Right-hander Michael Kopech, 21, has arguably been the most impressive pitcher in a White Sox farm system full of promising arms. He has a 3.04 ERA, a 1.18 WHIP and 145 strikeouts in 112 1/3 innings at Double-A Birmingham this season. He boasts a fastball that hits 100 miles per hour and a knee-buckling slider that’s opened eyes around the Southern League.

“Every player comes with his own individual player development plan,” general manager Rick Hahn said. “The two most important plans for Michael was the taking the ball every fifth day for the course of the entire season. That is something he had not done. The second part was being able to respond to the challenge of being a 20, 21-year- old and pitching in the Southern League. That is advanced placement. He has passed both of those challenges, knock on wood, with flying colors.

“Even though he went to his high in innings pitched, he appears to be even pitching better in recent starts. He has had a greater command of the fastball, the slider has been a plus pitch and is trusting the changeup. He is checking off boxes that were really even lower as for expectations from him this season.”

The likes of left-hander Carlos Rodon, right-hander Lucas Giolito (now at Triple-A), Lopez, Kopech and right-hander Dylan Cease (Class-A) project as future rotation hopefuls, with the bullpen as a fallback option too. They’ll all be closely monitored across various levels as this season finishes and spring training rolls around next February.

The manner in which the White Sox has since added young position-player talent after its initial influx of high-potential pitchers gives some reason to believe contention could come early that expected when looking at the big picture.

And as Hahn points out, the accumulation of so much young talent is the point, because he knows not every prospect will pan out.

“It is not about holding your breath that it works out,” Hahn said. “This is about people understanding that how one individual player performs does not mandate how the entire process is going.

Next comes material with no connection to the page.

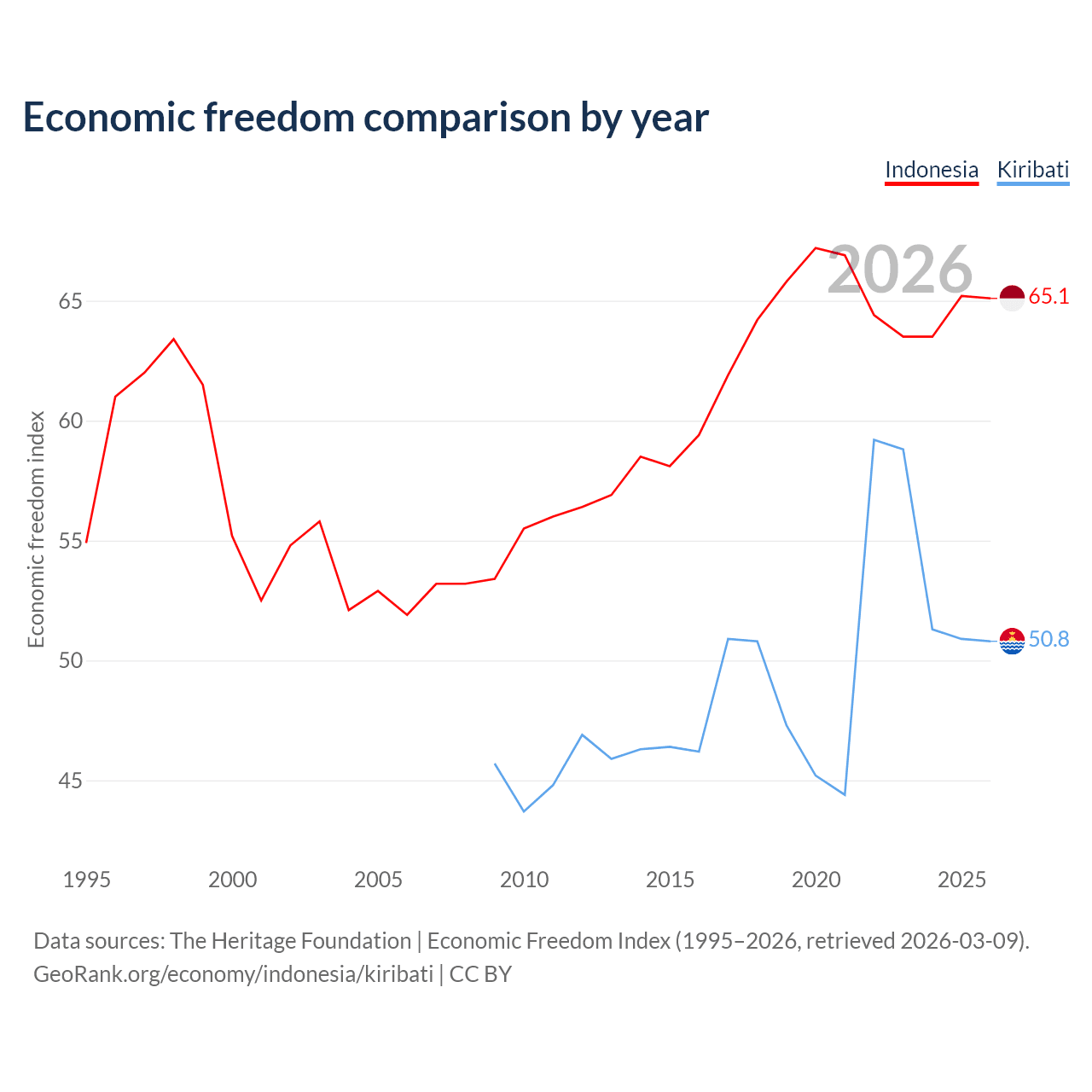 The Economic Freedom Index for Indonesia is 65.1, ranking 67/197, compared to 50.8 for Kiribati, ranking 158/197. The chart above displays a comparison of annual changes in economic freedom indexes.

“We really value Moncada. We think he will be a real impact player in the major leagues for a long time. How he does in his first 100 plate appearances doesn’t indicate what type of player he will be long term. It certainly doesn’t indicate how this rebuild is going. He is one piece of many we control in the organization. We will likely have to go outside of the organization to augment what group grows together, to be that type of impact players. Candidly, we will not know that for several years as this group comes together.”